(WORK TASK)
From the entries that follow, reproduce exactly and only the lines from the line with "第三季交出亮眼成绩:EPS 1.30 美元、营收" to the line with "四、RTC 系列鋁制離心式屋頂風(fēng)機(jī)", endpoints included.

(SOURCE MATERIAL)

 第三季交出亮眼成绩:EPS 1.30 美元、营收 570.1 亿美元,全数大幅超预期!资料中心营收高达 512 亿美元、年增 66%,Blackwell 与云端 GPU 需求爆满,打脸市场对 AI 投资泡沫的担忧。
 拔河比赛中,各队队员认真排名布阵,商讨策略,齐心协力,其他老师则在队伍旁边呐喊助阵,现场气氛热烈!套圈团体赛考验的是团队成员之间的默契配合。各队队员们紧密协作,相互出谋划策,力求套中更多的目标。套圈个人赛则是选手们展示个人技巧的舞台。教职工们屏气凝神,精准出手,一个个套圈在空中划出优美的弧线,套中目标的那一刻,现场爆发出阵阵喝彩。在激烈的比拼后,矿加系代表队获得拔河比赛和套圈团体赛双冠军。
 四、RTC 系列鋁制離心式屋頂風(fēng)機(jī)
--
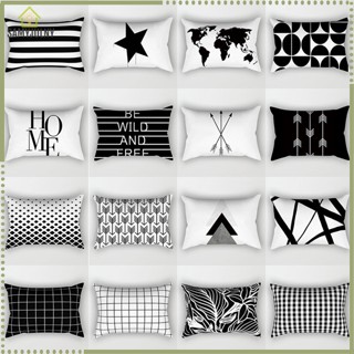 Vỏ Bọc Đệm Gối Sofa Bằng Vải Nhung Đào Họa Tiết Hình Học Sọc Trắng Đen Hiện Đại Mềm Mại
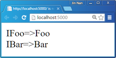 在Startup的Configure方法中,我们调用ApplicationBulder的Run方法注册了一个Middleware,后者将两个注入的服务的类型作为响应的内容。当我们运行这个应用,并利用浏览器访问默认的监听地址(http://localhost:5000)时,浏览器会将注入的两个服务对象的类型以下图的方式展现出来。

(RESPONSE TO THE EXERCISE)
 第三季交出亮眼成绩:EPS 1.30 美元、营收 570.1 亿美元,全数大幅超预期!资料中心营收高达 512 亿美元、年增 66%,Blackwell 与云端 GPU 需求爆满,打脸市场对 AI 投资泡沫的担忧。
 拔河比赛中,各队队员认真排名布阵,商讨策略,齐心协力,其他老师则在队伍旁边呐喊助阵,现场气氛热烈!套圈团体赛考验的是团队成员之间的默契配合。各队队员们紧密协作,相互出谋划策,力求套中更多的目标。套圈个人赛则是选手们展示个人技巧的舞台。教职工们屏气凝神,精准出手,一个个套圈在空中划出优美的弧线,套中目标的那一刻,现场爆发出阵阵喝彩。在激烈的比拼后,矿加系代表队获得拔河比赛和套圈团体赛双冠军。
 四、RTC 系列鋁制離心式屋頂風(fēng)機(jī)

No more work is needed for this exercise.